START EXERCISE MATERIALS
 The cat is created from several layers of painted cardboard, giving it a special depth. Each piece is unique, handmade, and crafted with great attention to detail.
END EXERCISE MATERIALS
START EXERCISE MATERIALS
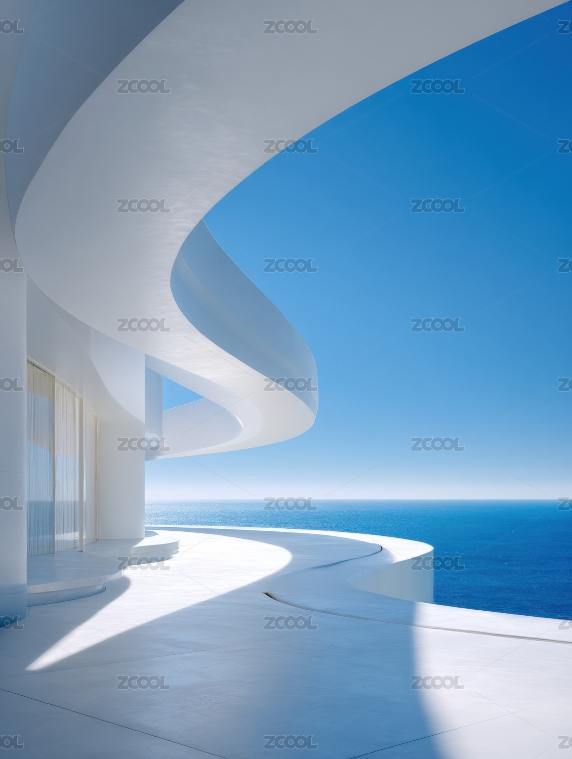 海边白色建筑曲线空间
END EXERCISE MATERIALS
START EXERCISE MATERIALS
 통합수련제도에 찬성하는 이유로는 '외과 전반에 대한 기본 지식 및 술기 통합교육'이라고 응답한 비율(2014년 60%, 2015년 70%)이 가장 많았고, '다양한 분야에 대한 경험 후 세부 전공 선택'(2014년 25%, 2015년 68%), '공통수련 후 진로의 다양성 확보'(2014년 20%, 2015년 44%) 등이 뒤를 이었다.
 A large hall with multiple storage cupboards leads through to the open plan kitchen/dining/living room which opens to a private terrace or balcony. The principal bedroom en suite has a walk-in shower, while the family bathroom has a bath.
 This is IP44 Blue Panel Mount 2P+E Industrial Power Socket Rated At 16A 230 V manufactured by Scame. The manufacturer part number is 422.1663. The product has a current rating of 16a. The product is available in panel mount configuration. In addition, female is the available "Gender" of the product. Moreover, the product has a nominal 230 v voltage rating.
END EXERCISE MATERIALS
Going over every line of the entries, tally those containing the string "with" and report only the figure.

▶ [ANSWER SPACE]: 2